| INPUT FOR THIS TASK |
++++++

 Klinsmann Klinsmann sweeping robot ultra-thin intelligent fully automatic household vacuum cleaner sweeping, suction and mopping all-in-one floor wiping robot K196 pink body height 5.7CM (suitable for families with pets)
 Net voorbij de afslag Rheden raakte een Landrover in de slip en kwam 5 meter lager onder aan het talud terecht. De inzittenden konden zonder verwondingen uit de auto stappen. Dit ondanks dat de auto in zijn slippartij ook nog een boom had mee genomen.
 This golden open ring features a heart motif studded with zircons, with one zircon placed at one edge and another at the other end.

++++++

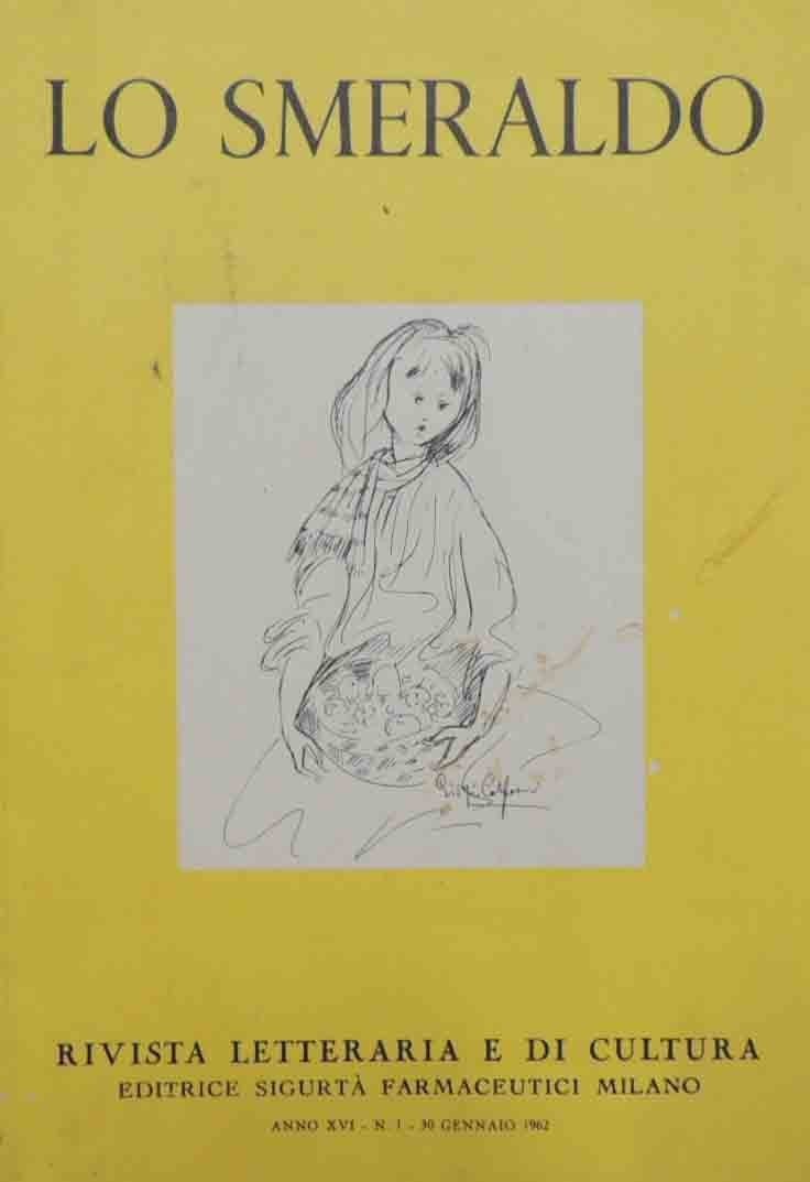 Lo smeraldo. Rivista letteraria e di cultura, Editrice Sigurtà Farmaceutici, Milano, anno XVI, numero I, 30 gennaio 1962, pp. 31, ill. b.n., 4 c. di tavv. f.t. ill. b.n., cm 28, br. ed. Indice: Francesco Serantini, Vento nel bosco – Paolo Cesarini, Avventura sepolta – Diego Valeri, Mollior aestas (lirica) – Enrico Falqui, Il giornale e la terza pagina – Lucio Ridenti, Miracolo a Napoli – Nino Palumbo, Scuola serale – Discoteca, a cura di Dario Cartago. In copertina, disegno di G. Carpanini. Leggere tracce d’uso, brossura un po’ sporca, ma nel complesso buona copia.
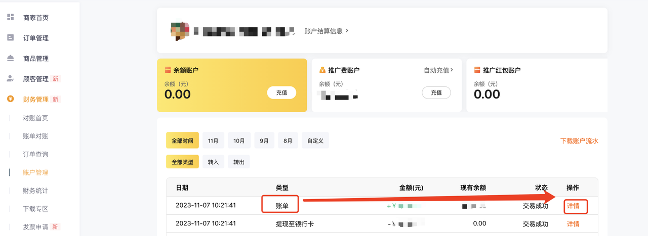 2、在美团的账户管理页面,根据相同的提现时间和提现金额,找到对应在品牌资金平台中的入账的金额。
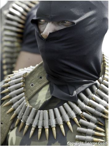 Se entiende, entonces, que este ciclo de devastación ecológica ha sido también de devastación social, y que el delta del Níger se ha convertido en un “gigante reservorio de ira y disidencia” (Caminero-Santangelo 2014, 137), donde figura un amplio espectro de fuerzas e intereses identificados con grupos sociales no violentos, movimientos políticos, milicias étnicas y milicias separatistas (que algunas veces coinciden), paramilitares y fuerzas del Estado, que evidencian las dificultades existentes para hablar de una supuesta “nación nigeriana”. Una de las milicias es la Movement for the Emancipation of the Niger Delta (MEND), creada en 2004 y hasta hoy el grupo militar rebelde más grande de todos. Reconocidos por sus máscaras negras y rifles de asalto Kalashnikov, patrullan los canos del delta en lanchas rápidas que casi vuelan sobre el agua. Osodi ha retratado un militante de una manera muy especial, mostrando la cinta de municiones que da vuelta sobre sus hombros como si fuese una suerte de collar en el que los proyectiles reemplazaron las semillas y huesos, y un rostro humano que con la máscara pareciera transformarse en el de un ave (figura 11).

++++++

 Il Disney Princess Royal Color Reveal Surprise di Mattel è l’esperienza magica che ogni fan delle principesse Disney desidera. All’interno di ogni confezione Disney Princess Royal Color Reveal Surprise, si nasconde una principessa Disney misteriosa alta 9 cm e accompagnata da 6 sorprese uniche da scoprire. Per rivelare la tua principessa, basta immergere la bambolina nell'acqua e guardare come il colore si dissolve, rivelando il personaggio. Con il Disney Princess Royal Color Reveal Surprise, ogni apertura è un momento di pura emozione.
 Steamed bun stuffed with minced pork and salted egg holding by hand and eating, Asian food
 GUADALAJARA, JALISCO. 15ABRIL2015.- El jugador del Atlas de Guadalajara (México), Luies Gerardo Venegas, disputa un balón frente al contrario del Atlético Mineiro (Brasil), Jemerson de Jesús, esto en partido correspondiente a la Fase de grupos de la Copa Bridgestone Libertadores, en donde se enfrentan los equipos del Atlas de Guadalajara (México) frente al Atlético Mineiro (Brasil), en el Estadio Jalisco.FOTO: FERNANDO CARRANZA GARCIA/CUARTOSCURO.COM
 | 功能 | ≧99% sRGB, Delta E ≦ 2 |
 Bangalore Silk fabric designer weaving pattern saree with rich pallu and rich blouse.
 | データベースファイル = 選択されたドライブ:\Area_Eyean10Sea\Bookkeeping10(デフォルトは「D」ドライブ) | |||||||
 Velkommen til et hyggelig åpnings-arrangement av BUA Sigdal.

++++++

| WHAT THE EXERCISE ASKS |
Would you output, from the records above, exactly the run of lines that starts at the line containing "Net voorbij de" and ends at the line containing "This golden open", and only that run?

| WRITTEN ANSWER |
 Net voorbij de afslag Rheden raakte een Landrover in de slip en kwam 5 meter lager onder aan het talud terecht. De inzittenden konden zonder verwondingen uit de auto stappen. Dit ondanks dat de auto in zijn slippartij ook nog een boom had mee genomen.
 This golden open ring features a heart motif studded with zircons, with one zircon placed at one edge and another at the other end.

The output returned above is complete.